In our subjects, we found that the overexpression of XPD was involved in cell proliferation, cell cycle, and cell apoptosis. C-myc is the master transcription factor for cell proliferation and is involved in numerous hematological and solid cancers [21]. In hepatoma cells, XPD functions in cell proliferation and apoptosis by suppressing the expression of c-myc and cdk2 [22]. The mutation of XPD affected proper regulation of c-myc expression and is involved in the development of malignancy [23]. Combined with our results, we conclude that XPD participates in cell proliferation via monitoring the expression of c-myc. In normal cells, progression through G1, S, and G2 phases of the cell cycle is dependent on temporal activation of cyclin-dependent kinases CDK1/2. The subsequent dephosphorylation and activation of CDK1/2 is mediated by 1 of 3 CDC25 phosphatases (A, B, or C) [24]. CDC25A regulation is complex, with input from multiple other kinases, resulting in either degradation or sequestration, depending on cell cycle phase [25]. CDK2 [26] and CDC25A [27] are important regulators of the G1/S phase transition. CDK2 is usually considered essential for progression through S phase [28]. Some reports indicated that overexpression of XPD leads to cell cycle arrest at G1 phase via suppression of CDK2 and CDC25A, which contributes to cell growth inhibition [29]. In our study, we observed that the overexpression of XPD increased the percentages of A431 cells at G1 phase and suppressed the mRNA and protein levels of CDK2 and CDC25A, which is in agreement with previous studies. In A431 cells, the overexpression of XPD induced cell cycle arrest at G1 phase by the blockage of CDK2 and CDC25A.
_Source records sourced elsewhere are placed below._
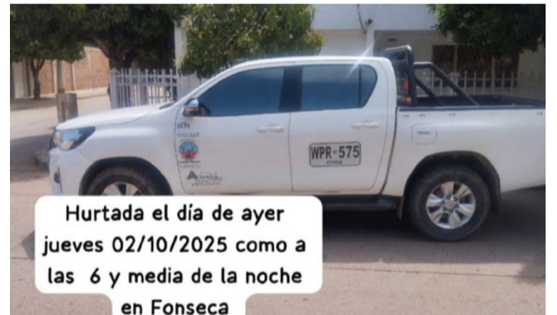
La víctima fue sorprendida por hombres armados que lo intimidaron y se lo llevaron con la camioneta.

Las autoridades tienen conocimiento de lo sucedido y se encuentran en las labores de búsqueda de la camioneta, además, solicitan a la sociedad civil
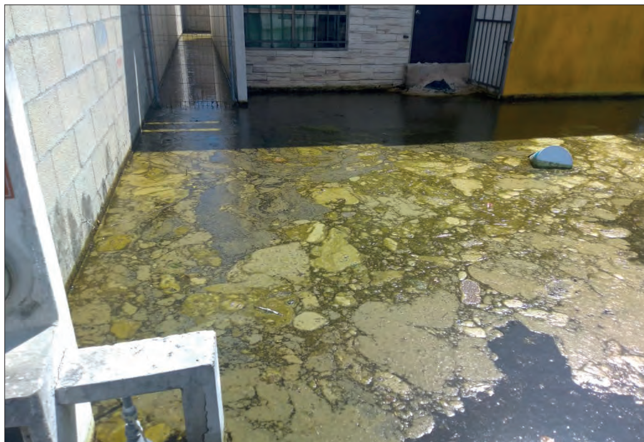
▲ Algunos de los afectados de Las Américas alcanzaron a salir con lo básico, cuando el agua ya les llegaba a las rodillas.

“Estaba estresadísimo, así que decidí irme a lo de mi ma-
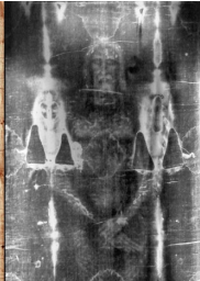
Foto av linklede i Torino. Viser fram neste gang i 2035, men Suda- riet, hodeklede nærmest Jesu ansikt vises fram
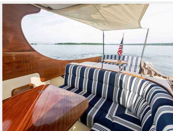
L Settee and Awning
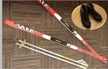
クロスカントリー
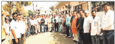
सोनगरा/बिश्रामपुर। संगठन को धार देने और आगामी चुनौतियों के लिए बृथ स्तर तक तैयार करने के उद्देश्य से सलका ब्लॉक कांग्रेस कमेटी की बैठक बतरा में संपन्न हुई।
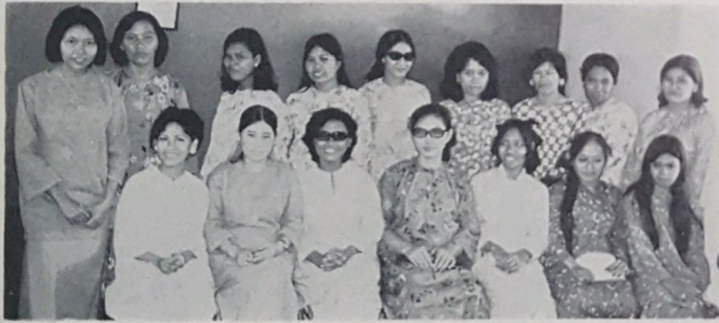
Sa-bahagian dari penuntut2 yang akan memulakan pelajaran mereka 15 Februari ini.

Kaum wanita yang ingin menyertai kelas tersebut bolehlah datang ka-Bangunan Ibunda Jaya, Kampong Sultan Lama, Bandar Seri Begawan.
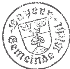
Pfund 1. Bürgermeister
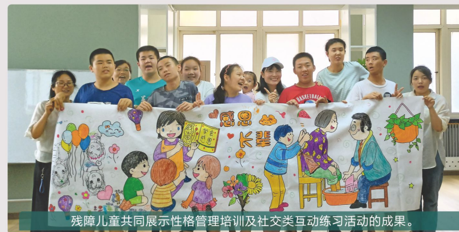
残障儿童共同展示性格管理培训及社交类互动练习活动的成果。
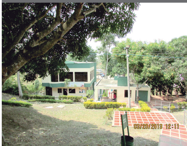
Centro de Idiomas
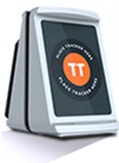
Dock per Table Tracker

dimensione: 12,7 x 10,5 cm codice: TT-TOPLABEL
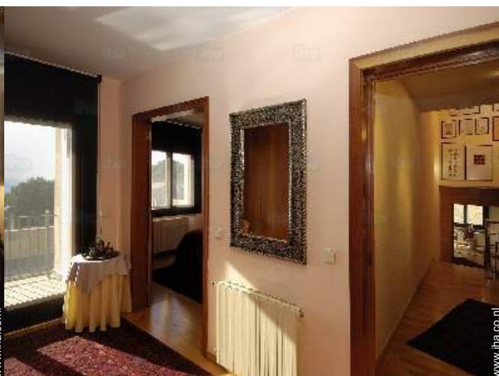
uitzicht vanuit de kamer
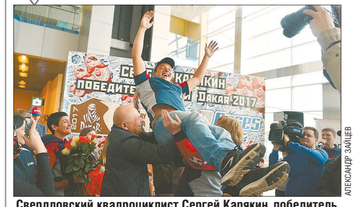
Свердловский квадроциклст Сергей Карякин, победитель ралли «Дакар», вернулся в родной Екатеринбург. «ОГ» встретила его в аэропорту
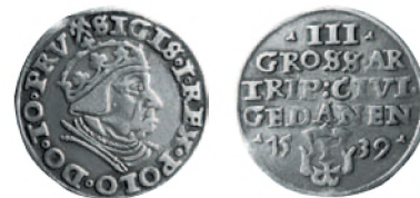
Королевство Польша. Сигизмунд I Старый. Тройной грош. Гданьск. Серебро. 1539 г. 21 мм
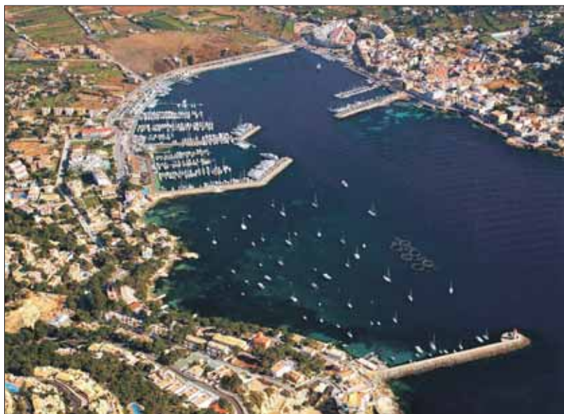
Imatge panoràmica del Port d'Andratx, amb els amarraments de Ports de les Illes Balears i el Club de Vela.

manté i que propicia una oferta constant de peix fresc molt valorada pels residents i pel sector de la restauració. Com diu Rafael Soler, el port d'Andratx va ser també un dels objectius predilectes dels atacs dels corsaris turcs que fustigaren l'illa en el segle XVI. Un acorralament que, a la vegada, propicià que el port acullí avui elements patrimonials de gran interès històric i arquitectònic, dels quals ens donen bona mostra, entre d'altres, la torre de Sant Carles. Aquesta torre de
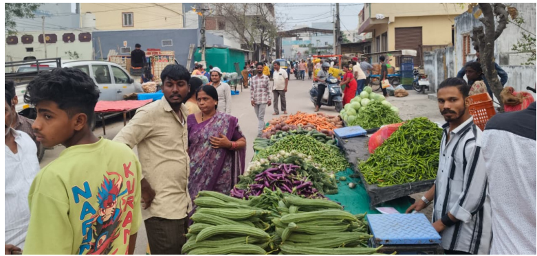
కుత్బుల్లాపూర్, ఫిబ్రవరి 23(నేషనలిస్ట్ వాయిస్):

గాజులూరూపం సర్కిల్ మహాదేవపురం డివిజన్ దేవేందర్ నగర్ లో సోమవారం, శుక్రవారం రోజులలో జరుగుతున్న వారాంతపు సంత వల్ల సాయంత్రం వేళలో దేవేందర్ నగర్ చౌరస్తా నుండి రావినాయకులరెడ్డి నగర్ చౌరస్తా వరకు ట్రాఫిక్ జామ్ సమస్య ఏర్పడుతుంది. దీంతో అటువైపుగా రాకపోకలు సాగించే వాహనదారులు ప్రయాణికులు తీవ్ర ఇబ్బందులకు గురవుతున్నారు. ఈ సమస్యను గుర్తించిన దేవేందర్ నగర్ జేపీసీ నాయకులు సోమవారం మధ్యాహ్నం మూడు గంటల నుండి సంతకు విచ్చేస్తున్న వ్యాపారులకు జేపీసీ నాయకులు నచ్చజెప్పూ రోడ్డుకు ఇరువైపులా ఎలాంటి సంత
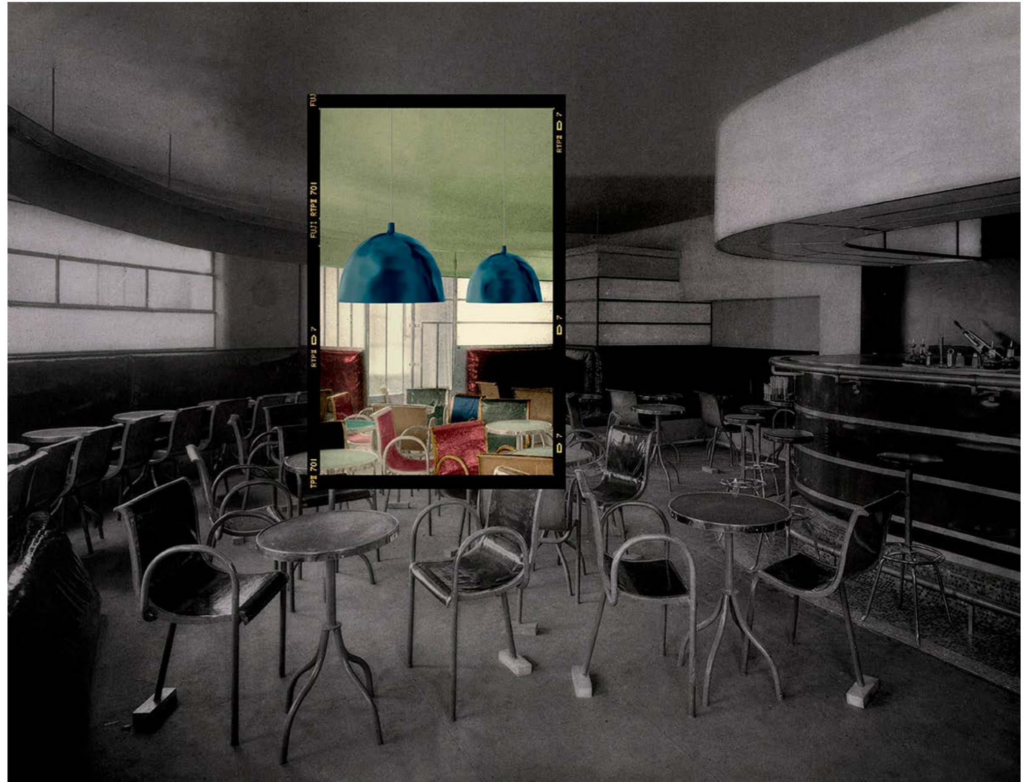
The Bar Diamand, designed by Charavel, Melendes and Colombier, 1920s.
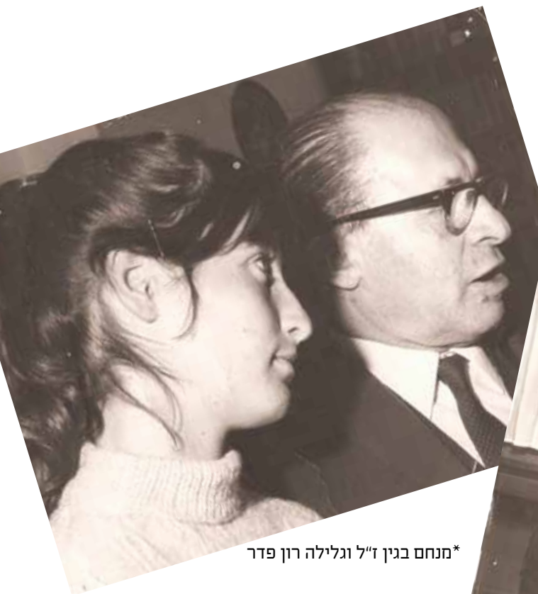
*מנחם בגין ז"ל וגלילה רון פדר

"מעבר לזה שנכדו יהונתן בגין נפל בתאונת מטוס בצבא בגין ראה עצמו תמיד כמפקד שכול. אני חושבת שבגין הרגיש עצמו מעין אב שכול מהיום שהוא התמנה למפקד האצ"ל. האנשים שהוא איבד בדרך היו לו כבנים. הוא הרגיש עצמו ממש אב שכול. לא בכדי הוא ביקש להיקבר בקבר ליד קבר פיינטיין וברזני שניהם מעולי הגרדום. מהיום שהוא היה מפקד בגין הרגיש את עצמו אב שכול. כל הנופלים במלחמת לבנון זה אחד הדברים ששבר אותו. הוא היה אדם רגיש ומיוחד. הספר בעוז והדר מסכם בשתי מילים את האיש המיוחד הזה שהיה למנהיג ייחודי בנוף המנהיגות העולמית".
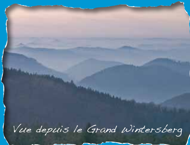
Vue depuis le Grand Wintersberg
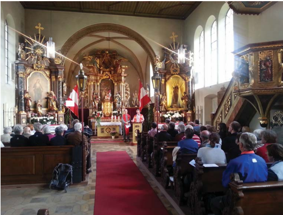
Die Wallfahrtskirche St. Anna in Weilersbach, älterer Teil

In den letzten beiden Stationen stellten wir uns zusammen mit den Autowanderern dem Geist, der uns in die Welt sendet und dem Geist, der sich im Hier und Jetzt, im Leben und im Alltag zeigt.
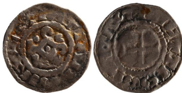
[Fig. 3 – Evêché de Metz, obole de Metz, Inv. 2014.0.2029. ]
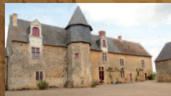
Le Logis à Fontenay-sur-Vègre
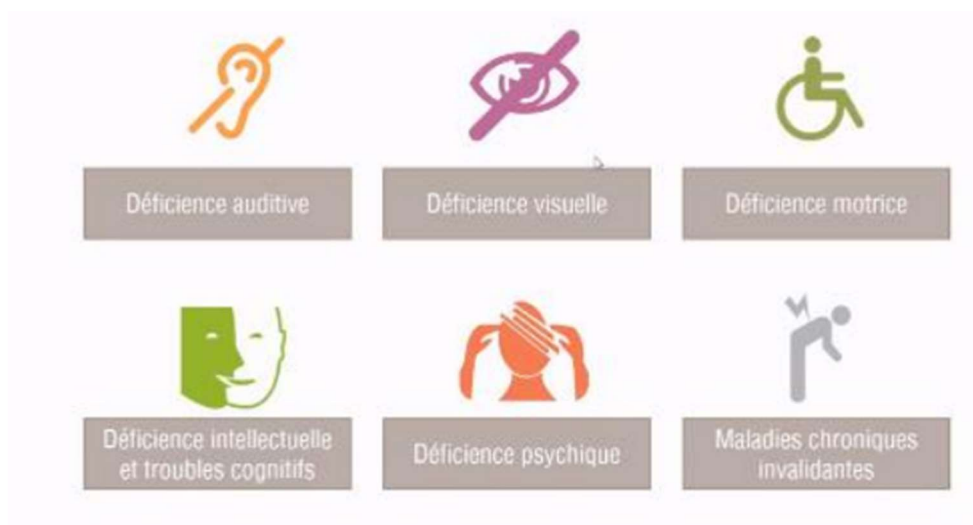
Figure 1 : les différentes catégories de situation de handicap

Les situations de handicap se classent en plusieurs catégories :
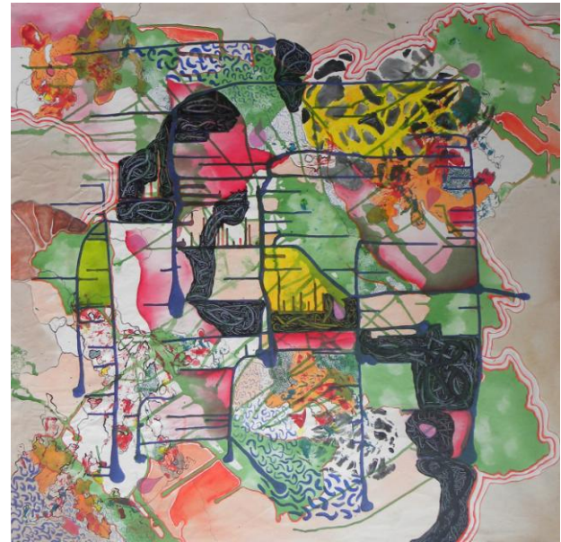
Imagem 7: Grupo Superfície. Somas II, 2011. Técnica mista, 100 cm x 95 cm.

Esses trabalhos que medem aproximadamente um metro quadrado se assemelham por características recorrentes como: todos possuem maior acúmulo de ações no centro da tela, a sobreposição de elementos ainda é discreta, as ações de cada integrante podem ser identificadas e a tela não é totalmente coberta com tinta. As linhas são evidenciadas em todas as ações, linhas que contornam manchas, linhas escorridas e que cruzam toda superfície da tela, linhas desenhadas que formam tramas, linhas que são arranhadas formando sulcos nas camadas de tinta, que preenchem espaços e outras que sobrepõem, que ligam elementos, linhas que trazem o gesto distinto de cada

HIPK2 is a member of the nuclear Ser/Thr kinase family, originally identified as a DNA damage-responsive cell fate regulator, which is negatively regulated by oncogenic signaling [30]. HIPK2 phosphorylates and activates the apoptotic program through interaction with diverse downstream targets [31]. HIPK2 activates tumor suppressor p53-dependent transcription and apoptosis by phosphorylating p53 at Ser46 [32]. P53 is stabilized, binds to specific target gene promoters, and regulates gene sets for cell fate towards apoptosis or DNA repairs [33]. In our study, the high expression of XPD significantly improved cell apoptosis and enhanced the expression of HIPK2 and p53. In hepatoma cells, XPD functions in cell apoptosis by inducing the expression of p53 [22]. A previous study reported that XPD interacts with p53 to regulate cell apoptosis [34] and the p53/HIPK2 connection by showing the role of HIPK2 in repressing activity in severe DNA damage response [35]. Our data were in agreement with a previous study reporting that XPD was involved in cell apoptosis by regulating the expression of HIPK2 and p53.

Conclusions

Taken together, XPD repressed cell proliferation by arresting cell cycle in G1 phase and induced cell apoptosis by suppressing the levels of c-myc, cdc25A, and cdk2 and enhancing the expression of HIPK2 and p53. These data provide new evidence that XPD serves as an anti-oncogene in cSCC. However, there also exist some limitations in our study. First, our study was mainly focused on the role of XPD in A431 cells in vitro. Further examinations need to be performed on the role of XPD in vivo, which would more comprehensively explain the function of XPD in cSSC. Second, in our study, we actually found that XPD affected the expression of c-myc, cdc25A, cdk2, HIPK2, and p53; however, the molecular mechanism of XPD regulating expression of these genes was unclear. Thus, more efforts need to be made for molecular basis exploration on gene regulation.